[[ Data to process, beginning ]]
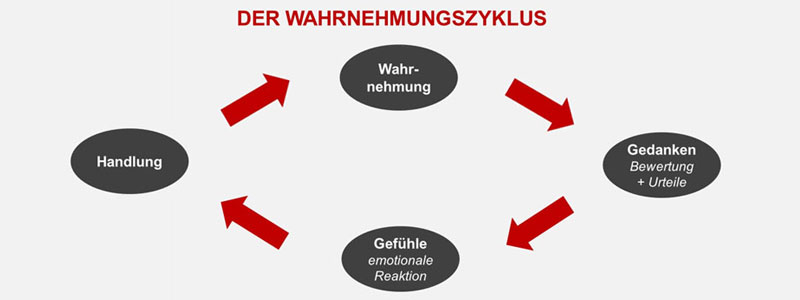Bild 1: Jede Aktivität entspringt unseren Gedanken und unserer emotionalen Reaktion darauf. Um die Wirkung zu ändern, müssen wir uns unsere Gedanken und Gefühle bewusst machen.
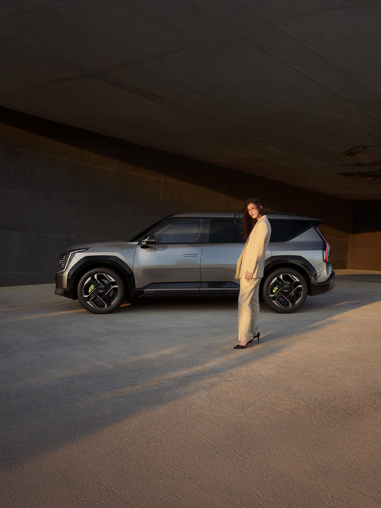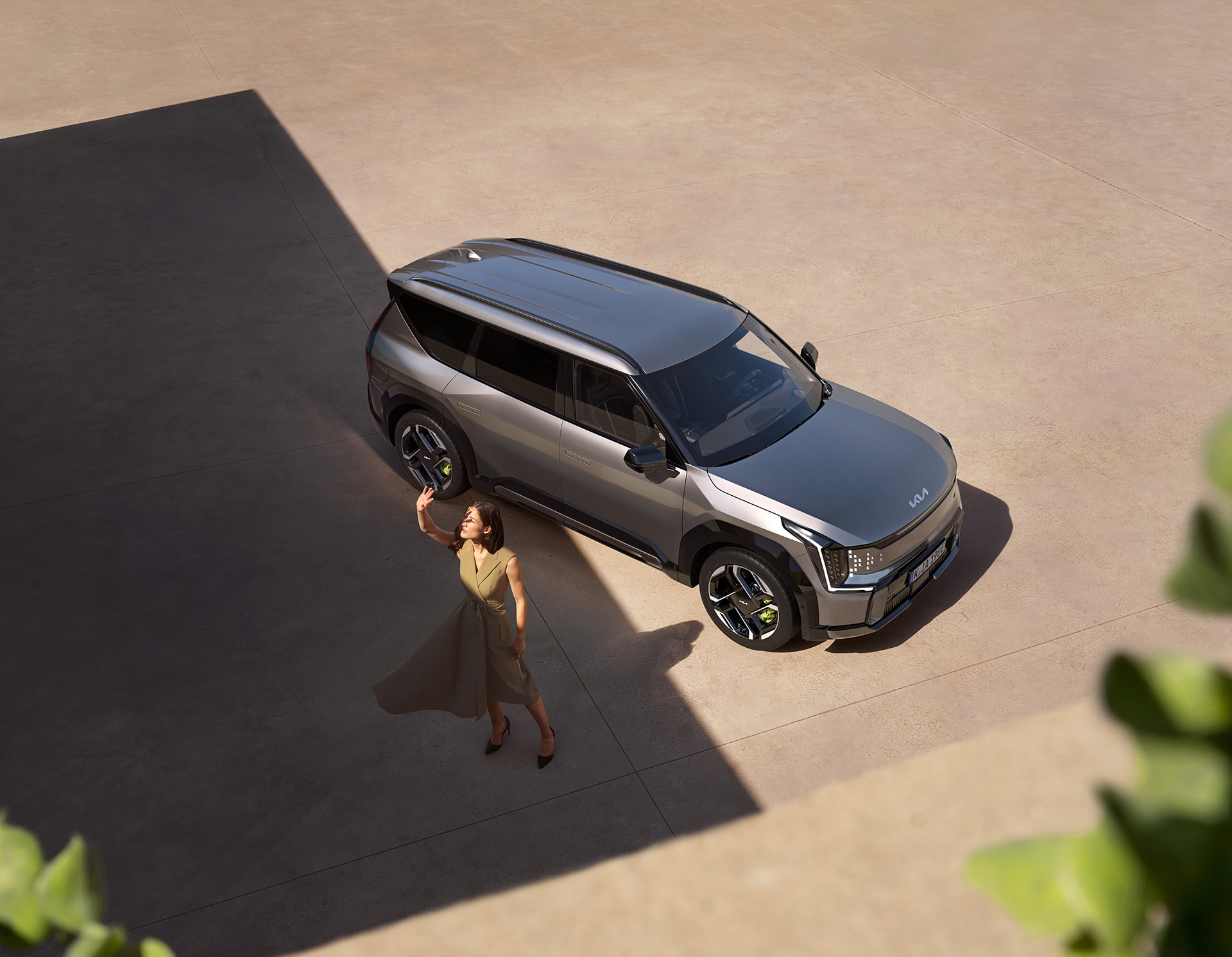 Um die maximale Ladegeschwindigkeit erreichen zu können, muss der EV9 GT an einer 800-Volt-Ladestation mit mindestens 210 kW geladen werden. Die reale Ladegeschwindigkeit und Ladedauer hängen von der Batterie-Temperatur und den Wetterbedingungen ab.
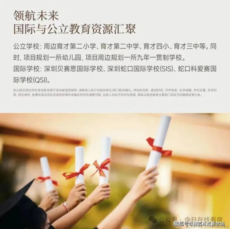 :当前对口的育才二小和育才二中,均属南山第一梯队学区,教育质量有口皆碑。项目自身还配建了一所幼儿园和一所九年一贯制学校,未来孩子在家门口就能享受到优质的教育资源,为孩子的成长成才奠定坚实基础 。
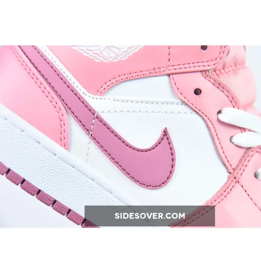 Pretty color combo! Air Jordan 1 Mid “Valentine’s Day” looks ?. Love the smooth white leather base with the pink accents. Perfect for a classic, stylish shoe ?. #AirJordan1 #ValentineShoes #SneakerLove
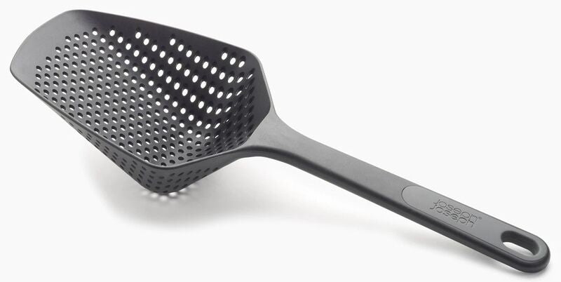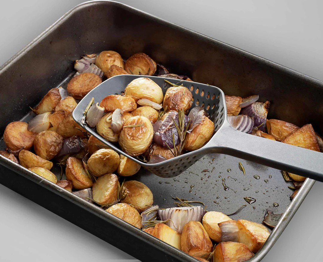 Este utensílio de cozinha simples permite-lhe retirar, escorrer e servir alimentos diretamente de uma frigideira ou tabuleiro quente.
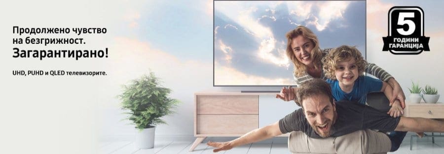 Скопје, Македонија – 7 ноември 2018 година – Со цел да им овозможи на своите корисници уште поголема сигурност и уживање во гледањето на содржини преку ТВ уредите, Компанијата Самсунг подготви нов “бран“ промотивни активности. Во период од 1 oктомври до 31 декември 2018 година, сите оние кои ќе купат Самсунг “UHD“ или “QLED“ ТВ уред од серијата “Н“ (“N”) од 2018 година ќе добијат 5 години гаранција.
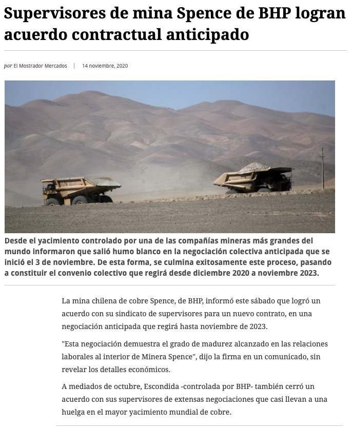 Supervisores de mina Spence de BHP logran acuerdo anticipado - (El Mercurio de Antofagasta)
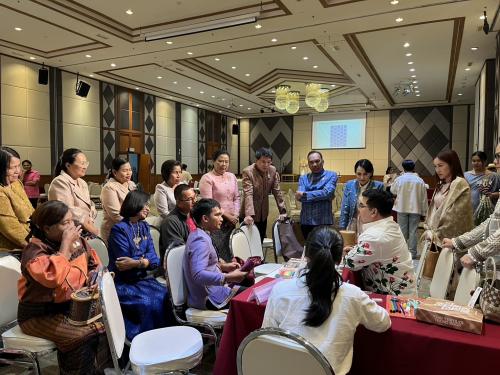 กลุ่มเป้าหมายในการอบรมครั้งนี้ประกอบด้วย พัฒนาการจังหวัด นักวิชาการพัฒนาชุมชน และกลุ่มผู้ผลิต ผู้ประกอบการด้านผ้าและงานหัตถกรรมจาก 10 จังหวัด ได้แก่
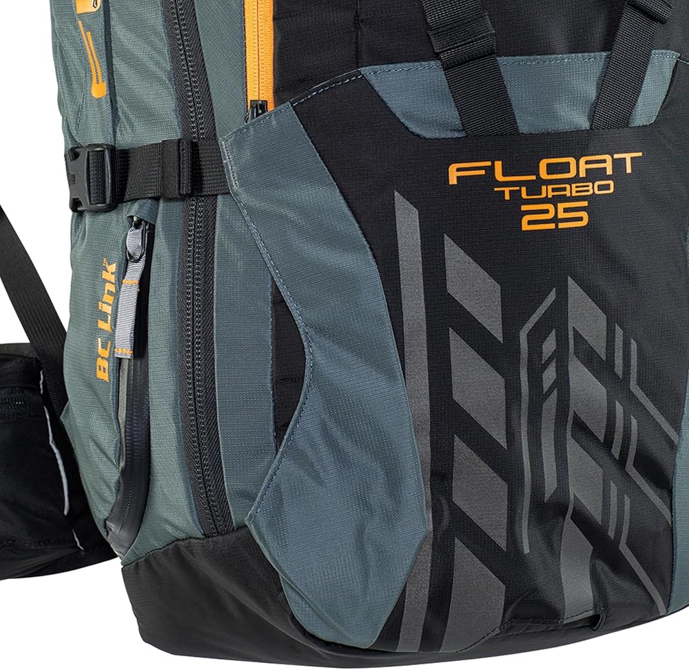 تطفو على الماء 25 TURBO مجموعة الوسائد الهوائية الأكثر تقنية خاصة للتزلج على الجبال، مع تنوع وحجم للأيام الكبيرة. حجم العبوة......1.525 بوصة مكعب / 25 لتر (مع النظام) الوزن................6.4 رطل / 2.918 جرام (النظام الكامل مع الأسطوانة الكاملة) .............................5.2 رطل / 2.360 جرام (النظام الكامل بدون أسطوانة) .............................3.7 رطل / 1.698 جم (العبوة فقط) المواد ..... ........330..... نايلون دينير صغير مانع للتمزيق مع طبقة من البولي يوريثان (الرئيسي) .............................420 دينيير نايلون أكسفورد مع طبقة من البولي يوريثان (مناطق التآكل العالية) ..................... بوليستر 200 دنيير (البطانة) سحّابات...............YKK مع غطاء DWR حجم الجذع ... 44.4 – 52.08 سم / أسود/برتقالي
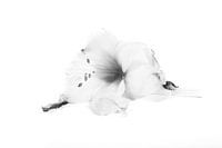 Het einde van een amaryllisbloem in zwart-wit.
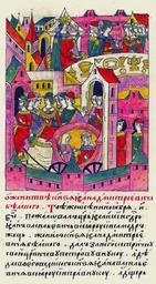 | Keywords: Facial Chronicle - b.22, p. 161 - Ivan Belsky's wedding.gif  О женитьбе князя Ивана Дмит иевича Бельского Той же осенью 8-го нояб я в четве г пожаловал ца ь и великий госуда ь Иван Васильевич всея Руси самоде жец женил князя Ивана Дмит иевича Бельского дал за него сестоичну свою ца евича Пет а Внучку а деда своего великого князя Ивана Васильевича всея Руси п авнучку а дочь князя Василия Васильевича Шуйского; а выдавал госуда ь от себя со своего дво а  иниатю а Лицевого летописного свода XVI в http //www runivers ru/bookreader/book482205/ page/43/mode/1up century 16 anonimus Facial Chronicle v 9 - Sinodalniy tom 1533-1542; 1553-1567 Files uploaded by Shakko from various sources Weddings in medieval manuscripts Russia House of Shuyskiy House of Belskiy 1554 in Russia PD-Art |
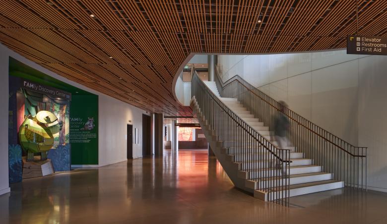 The entry procession starts from the east to greet the rising sun. A stainless-steel sculpture called “Touch to Above” (by father and son Cherokee artists, Demos Glass and Bill Glass, Jr.) welcomes visitors upon arrival into the courtyard. Flanking the entrance to the left side is the FAM Center, which features educational activities, and on the opposite side of the entry courtyard wraps the museum’s northern wing.
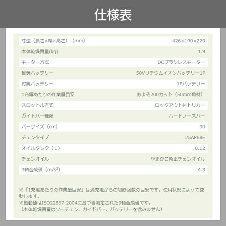 他の画像を見る 25AP 1.9kg リンク数 68コマ リヤハンドル チェーンソー エコー チェンソー バッテリープラスワンキャンペーン BCS510W-30SCG+1 充電式 50V やまびこ リアハンドル ハードノーズバー 25AP68E 1.9kg ガイドバー300mm 価格 ¥ 92,344 税込 在庫切れ 再入荷お知らせ お気に入りに登録する (0)
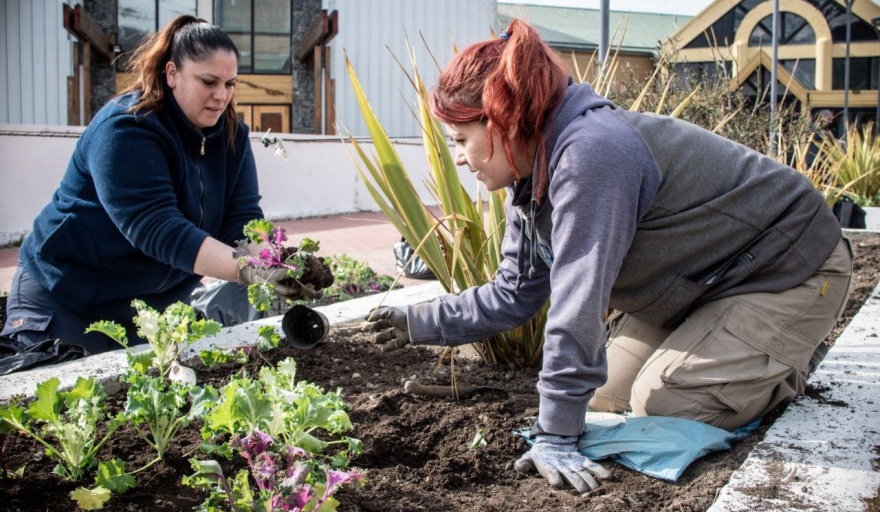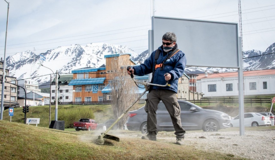 Con cortes de pasto, colocación de plantines y mejoras de los canteros instalados en las plazoletas ubicadas entre las avenidas Maipú y Prefectura Naval, trabajadores del área realizan sus tareas desde Yaganes y hacia el sector portuario.
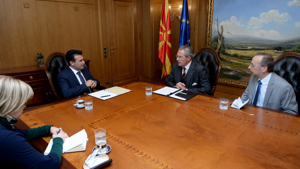 Претседателот на Владата на Република Македонија Зоран Заев, денеска се сретна со шефот на Мисијата на ОБСЕ во Скопје, амбасадорот Клеменс Која, со кого разговараа за актуелната политичка ситуација, истакнувајќи ја важноста на улогата на Мисијата на ОБСЕ во поддршка на функционирањето на правната држава и посветеноста на реформскиот процес.
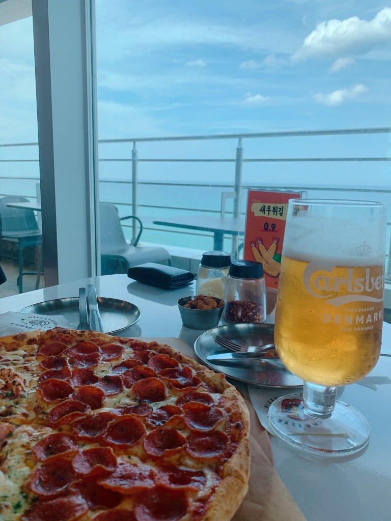 정말 바다뷰를 즐기며 피자와 맥주를 즐길 수 있게 되어 있다.
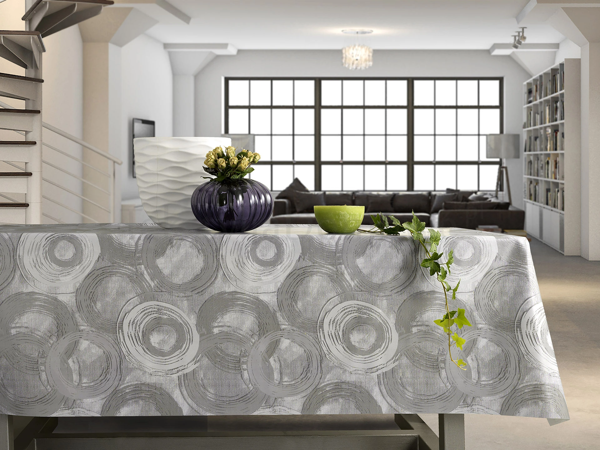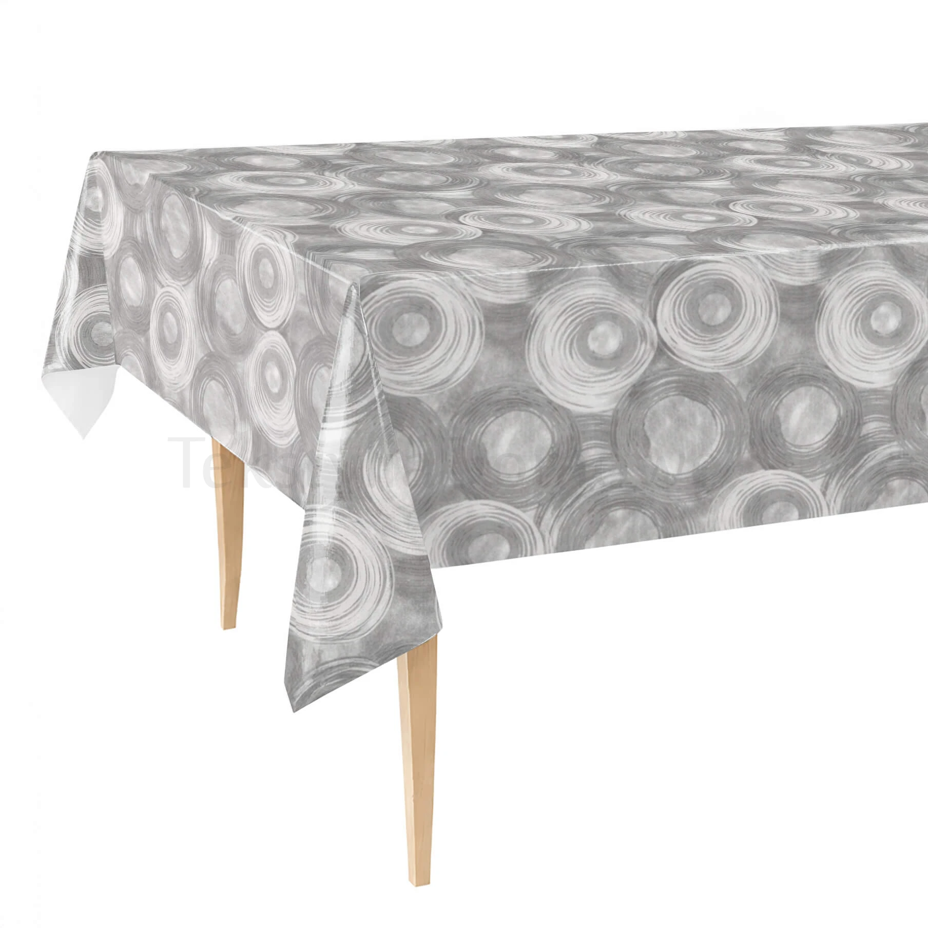 Wzór w nowoczesne kręgi oraz subtelny kolor szarości wprowadzą styl do każdej przestrzeni. Łatwy w czyszczeniu i wodoodporny, idealny do jadalni, kuchni, tarasu i ogrodu.
[[ Data to process, end ]]
Task objective: Within the listing above, write out the stretch from the line with "Um die maximale" through the line with "10 จังหวัด ได้แก่" exactly. Any pictures are to be left out.

Task response:
 Um die maximale Ladegeschwindigkeit erreichen zu können, muss der EV9 GT an einer 800-Volt-Ladestation mit mindestens 210 kW geladen werden. Die reale Ladegeschwindigkeit und Ladedauer hängen von der Batterie-Temperatur und den Wetterbedingungen ab.
 :当前对口的育才二小和育才二中,均属南山第一梯队学区,教育质量有口皆碑。项目自身还配建了一所幼儿园和一所九年一贯制学校,未来孩子在家门口就能享受到优质的教育资源,为孩子的成长成才奠定坚实基础 。
 Pretty color combo! Air Jordan 1 Mid “Valentine’s Day” looks ?. Love the smooth white leather base with the pink accents. Perfect for a classic, stylish shoe ?. #AirJordan1 #ValentineShoes #SneakerLove
 Este utensílio de cozinha simples permite-lhe retirar, escorrer e servir alimentos diretamente de uma frigideira ou tabuleiro quente.
 Скопје, Македонија – 7 ноември 2018 година – Со цел да им овозможи на своите корисници уште поголема сигурност и уживање во гледањето на содржини преку ТВ уредите, Компанијата Самсунг подготви нов “бран“ промотивни активности. Во период од 1 oктомври до 31 декември 2018 година, сите оние кои ќе купат Самсунг “UHD“ или “QLED“ ТВ уред од серијата “Н“ (“N”) од 2018 година ќе добијат 5 години гаранција.
 Supervisores de mina Spence de BHP logran acuerdo anticipado - (El Mercurio de Antofagasta)
 กลุ่มเป้าหมายในการอบรมครั้งนี้ประกอบด้วย พัฒนาการจังหวัด นักวิชาการพัฒนาชุมชน และกลุ่มผู้ผลิต ผู้ประกอบการด้านผ้าและงานหัตถกรรมจาก 10 จังหวัด ได้แก่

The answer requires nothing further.